## WHAT YOU HAVE TO DO
If a line in the entries below includes the string "winner", copy it out.

DATA RECORDS: Begin

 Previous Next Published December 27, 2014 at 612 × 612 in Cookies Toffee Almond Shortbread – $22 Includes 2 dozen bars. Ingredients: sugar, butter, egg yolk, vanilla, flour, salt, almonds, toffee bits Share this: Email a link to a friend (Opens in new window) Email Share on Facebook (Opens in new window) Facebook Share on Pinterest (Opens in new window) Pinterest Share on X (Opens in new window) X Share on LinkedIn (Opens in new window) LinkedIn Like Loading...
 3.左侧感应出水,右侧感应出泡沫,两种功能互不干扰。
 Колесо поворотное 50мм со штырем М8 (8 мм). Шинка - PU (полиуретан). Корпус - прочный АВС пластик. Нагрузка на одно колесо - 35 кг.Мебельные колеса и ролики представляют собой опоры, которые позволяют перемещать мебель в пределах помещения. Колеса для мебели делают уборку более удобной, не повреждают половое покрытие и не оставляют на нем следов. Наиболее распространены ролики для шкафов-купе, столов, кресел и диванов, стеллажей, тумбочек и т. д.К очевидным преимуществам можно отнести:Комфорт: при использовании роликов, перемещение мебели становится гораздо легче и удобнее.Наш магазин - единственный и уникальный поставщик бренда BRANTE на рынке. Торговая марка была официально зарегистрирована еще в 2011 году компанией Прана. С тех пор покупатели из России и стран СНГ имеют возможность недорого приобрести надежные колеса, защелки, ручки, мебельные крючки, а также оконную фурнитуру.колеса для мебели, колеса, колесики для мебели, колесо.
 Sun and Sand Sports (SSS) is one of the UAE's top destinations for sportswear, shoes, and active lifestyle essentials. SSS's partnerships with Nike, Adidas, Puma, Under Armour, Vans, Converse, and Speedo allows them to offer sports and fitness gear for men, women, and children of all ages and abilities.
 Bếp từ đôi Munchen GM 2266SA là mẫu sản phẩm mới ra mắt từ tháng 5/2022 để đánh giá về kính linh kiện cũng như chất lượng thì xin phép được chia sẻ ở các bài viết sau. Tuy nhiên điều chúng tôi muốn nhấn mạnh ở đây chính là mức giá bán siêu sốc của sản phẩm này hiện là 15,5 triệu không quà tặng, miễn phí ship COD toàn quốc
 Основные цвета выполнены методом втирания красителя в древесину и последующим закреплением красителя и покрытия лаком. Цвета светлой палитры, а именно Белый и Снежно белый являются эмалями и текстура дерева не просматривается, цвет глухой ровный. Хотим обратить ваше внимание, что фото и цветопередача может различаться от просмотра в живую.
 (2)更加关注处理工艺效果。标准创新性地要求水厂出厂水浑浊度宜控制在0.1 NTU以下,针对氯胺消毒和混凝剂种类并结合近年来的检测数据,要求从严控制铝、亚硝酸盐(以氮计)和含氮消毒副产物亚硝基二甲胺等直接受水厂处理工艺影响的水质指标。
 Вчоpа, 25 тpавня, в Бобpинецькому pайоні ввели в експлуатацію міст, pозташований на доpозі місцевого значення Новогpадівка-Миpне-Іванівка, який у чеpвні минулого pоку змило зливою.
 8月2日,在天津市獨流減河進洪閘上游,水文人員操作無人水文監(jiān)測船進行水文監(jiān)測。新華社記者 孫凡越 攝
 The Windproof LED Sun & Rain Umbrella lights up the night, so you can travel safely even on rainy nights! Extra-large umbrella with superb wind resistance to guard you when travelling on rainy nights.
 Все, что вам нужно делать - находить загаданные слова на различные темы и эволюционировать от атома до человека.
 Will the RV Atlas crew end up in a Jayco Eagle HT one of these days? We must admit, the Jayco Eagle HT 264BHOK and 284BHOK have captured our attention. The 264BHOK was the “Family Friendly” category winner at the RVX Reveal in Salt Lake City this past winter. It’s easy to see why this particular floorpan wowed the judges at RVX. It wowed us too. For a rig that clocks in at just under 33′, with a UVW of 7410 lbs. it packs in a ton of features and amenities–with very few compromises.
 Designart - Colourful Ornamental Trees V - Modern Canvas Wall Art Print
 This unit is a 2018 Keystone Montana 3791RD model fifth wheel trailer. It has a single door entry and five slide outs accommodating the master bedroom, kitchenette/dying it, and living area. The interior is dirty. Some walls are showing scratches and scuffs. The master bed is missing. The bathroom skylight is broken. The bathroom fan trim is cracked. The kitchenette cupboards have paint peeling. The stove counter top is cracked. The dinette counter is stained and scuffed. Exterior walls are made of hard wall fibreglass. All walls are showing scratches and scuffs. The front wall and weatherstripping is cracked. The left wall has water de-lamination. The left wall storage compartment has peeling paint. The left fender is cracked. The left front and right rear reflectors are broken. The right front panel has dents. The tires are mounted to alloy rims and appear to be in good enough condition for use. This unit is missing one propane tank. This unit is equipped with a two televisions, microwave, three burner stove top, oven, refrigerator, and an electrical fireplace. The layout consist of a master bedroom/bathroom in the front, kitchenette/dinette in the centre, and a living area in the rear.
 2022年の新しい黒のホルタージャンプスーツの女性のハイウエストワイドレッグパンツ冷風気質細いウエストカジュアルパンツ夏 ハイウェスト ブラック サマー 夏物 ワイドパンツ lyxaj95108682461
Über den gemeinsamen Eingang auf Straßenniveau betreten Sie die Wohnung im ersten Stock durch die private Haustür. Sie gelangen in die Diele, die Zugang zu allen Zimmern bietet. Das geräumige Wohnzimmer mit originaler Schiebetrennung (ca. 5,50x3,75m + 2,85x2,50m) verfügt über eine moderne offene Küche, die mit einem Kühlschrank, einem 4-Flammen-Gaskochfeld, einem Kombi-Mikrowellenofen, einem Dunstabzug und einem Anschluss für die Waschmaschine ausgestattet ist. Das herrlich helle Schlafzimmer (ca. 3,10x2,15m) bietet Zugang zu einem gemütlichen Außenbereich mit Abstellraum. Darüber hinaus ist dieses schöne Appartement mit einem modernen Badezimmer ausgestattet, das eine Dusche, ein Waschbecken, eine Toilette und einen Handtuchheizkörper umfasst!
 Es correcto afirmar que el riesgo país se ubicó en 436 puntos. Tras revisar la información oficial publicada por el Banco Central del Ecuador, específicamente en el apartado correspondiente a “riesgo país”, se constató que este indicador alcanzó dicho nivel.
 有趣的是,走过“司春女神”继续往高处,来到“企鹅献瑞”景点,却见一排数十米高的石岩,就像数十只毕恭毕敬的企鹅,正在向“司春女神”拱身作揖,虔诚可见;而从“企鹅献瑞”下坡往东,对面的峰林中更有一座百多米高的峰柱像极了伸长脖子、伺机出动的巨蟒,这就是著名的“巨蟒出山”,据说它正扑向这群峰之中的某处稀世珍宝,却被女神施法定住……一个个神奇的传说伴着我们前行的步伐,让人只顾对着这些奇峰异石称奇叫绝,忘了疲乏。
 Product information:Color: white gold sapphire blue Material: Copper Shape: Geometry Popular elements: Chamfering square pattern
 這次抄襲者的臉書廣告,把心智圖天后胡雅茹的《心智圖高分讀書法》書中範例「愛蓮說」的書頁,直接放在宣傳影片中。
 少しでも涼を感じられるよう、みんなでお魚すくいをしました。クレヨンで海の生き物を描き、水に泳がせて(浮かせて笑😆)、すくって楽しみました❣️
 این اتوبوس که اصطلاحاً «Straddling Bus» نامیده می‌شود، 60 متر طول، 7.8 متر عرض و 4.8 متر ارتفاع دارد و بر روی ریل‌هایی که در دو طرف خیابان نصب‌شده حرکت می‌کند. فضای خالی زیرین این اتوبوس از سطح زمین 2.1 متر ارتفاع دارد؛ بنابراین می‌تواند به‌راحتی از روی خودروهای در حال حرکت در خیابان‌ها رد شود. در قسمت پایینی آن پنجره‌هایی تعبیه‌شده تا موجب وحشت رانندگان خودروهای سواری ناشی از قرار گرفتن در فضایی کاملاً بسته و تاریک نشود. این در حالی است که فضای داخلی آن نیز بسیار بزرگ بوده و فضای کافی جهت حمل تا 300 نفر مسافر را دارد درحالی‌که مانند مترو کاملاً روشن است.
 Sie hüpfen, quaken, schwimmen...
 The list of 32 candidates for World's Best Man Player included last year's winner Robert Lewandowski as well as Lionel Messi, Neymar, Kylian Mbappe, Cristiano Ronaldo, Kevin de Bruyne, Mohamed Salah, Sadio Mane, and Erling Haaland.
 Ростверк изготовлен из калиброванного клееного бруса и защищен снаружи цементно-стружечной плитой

DATA RECORDS: End

## ANSWER SECTION
 Will the RV Atlas crew end up in a Jayco Eagle HT one of these days? We must admit, the Jayco Eagle HT 264BHOK and 284BHOK have captured our attention. The 264BHOK was the “Family Friendly” category winner at the RVX Reveal in Salt Lake City this past winter. It’s easy to see why this particular floorpan wowed the judges at RVX. It wowed us too. For a rig that clocks in at just under 33′, with a UVW of 7410 lbs. it packs in a ton of features and amenities–with very few compromises.
 The list of 32 candidates for World's Best Man Player included last year's winner Robert Lewandowski as well as Lionel Messi, Neymar, Kylian Mbappe, Cristiano Ronaldo, Kevin de Bruyne, Mohamed Salah, Sadio Mane, and Erling Haaland.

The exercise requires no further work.